*** Opening of Data block ***
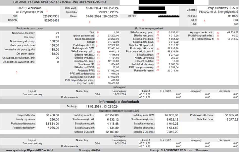 Vous trouverez ci-dessous un exemple de fiche de paie polonaise où chaque élément est numéroté et expliqué.
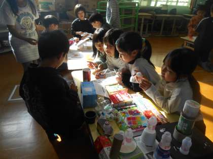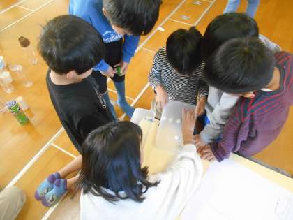 先週の金曜日にグループで作ったおもちゃで楽しむ交流会を開き、学年のみんなで楽しみました。
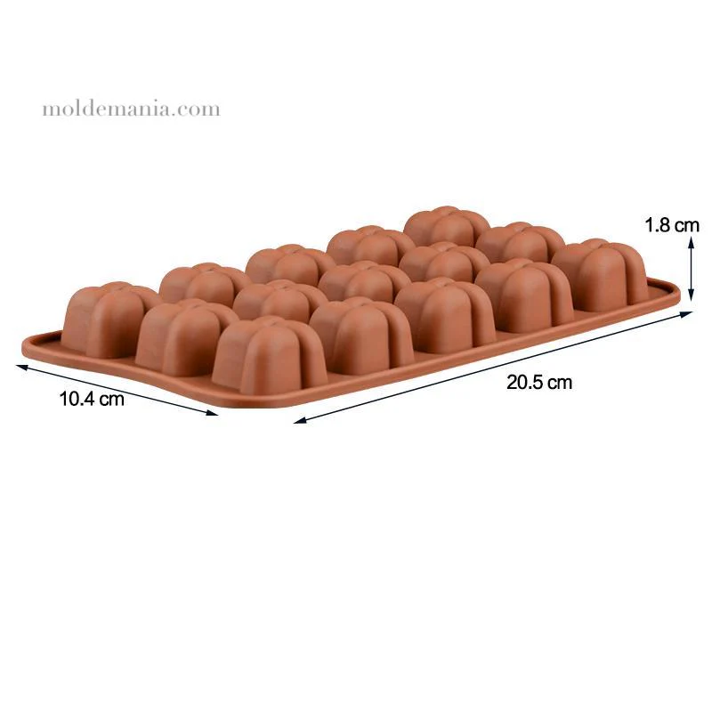 15 Cavidades. Medida molde: 22 x 10.5 cm / Cavidad: 2.5 cm
*** Close of Data block ***
### What this task involves
The material above should be repeated word for word, with every picture omitted.

### Answer for this exercise
 Vous trouverez ci-dessous un exemple de fiche de paie polonaise où chaque élément est numéroté et expliqué.
 先週の金曜日にグループで作ったおもちゃで楽しむ交流会を開き、学年のみんなで楽しみました。
 15 Cavidades. Medida molde: 22 x 10.5 cm / Cavidad: 2.5 cm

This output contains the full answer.